Craig v. Craig (CA1 10/28/10)


Domestic-relations opinions are rarely published but this one discusses a point of appellate jurisdiction. Mostly the dissent does.

Husband and Wife both filed notices of appeal while husband’s Motion for New Trial was still pending. Appeals filed after the motion has been ruled on are technically premature but the courts let them pass (Barassi). This case holds that the appellate court has no jurisdiction when the motion is still pending, following an Arizona Supreme Court case (Smith v. Arizona Citizens).

Wife argued that because she did not file the motion her appeal should be proper, citing a 2000 Division One opinion (Performance Funding) which made that distinction. But Smith cast doubt on that in 2006 (“appellate courts should dismiss a case for lack of jurisdiction while [a time-extending] motion was still pending”) and last year another Division One opinion (Engel) discussed exactly the same issue and decided that Smith controls.
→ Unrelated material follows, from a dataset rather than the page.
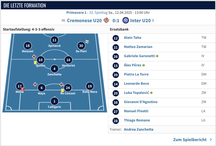 首发:卡利加里斯/德拉·莫拉 雷·切科尼 梅耶 莫塔/文图里尼 赞凯塔 奎耶托/德·皮耶里 斯皮纳切 莫斯科尼。

The dissent argues that there is a “tension” between Smith and Performance Funding, which there is if you ignore Engel and in addition assume that Supreme Court opinions inconsistent with earlier Court of Appeals opinions create tension rather than law.

After eight pages of analysis that cannot be called sophisticated, the dissent announces “I dissent for two reasons.” First, it should not make a difference who filed the motion. That’s not a dissent to this case, though – that’s what this case holds. Second, Engel came after the Craigs filed their notices of appeal, at which time Performance Funding “had not been overruled, questioned, or vacated.”  Except, of course, by Smith, two years before. But the dissent says that that was dictum and so Wife should have been able to, well, ignore it. This must mean, though the dissent doesn’t say it this way (but comes startlingly close), that the Court of Appeals waived its lack of jurisdiction by not issuing Engel before Craig was filed and that there has to be a case that comes before since it’s just not fair if the law of a case affects the parties to it.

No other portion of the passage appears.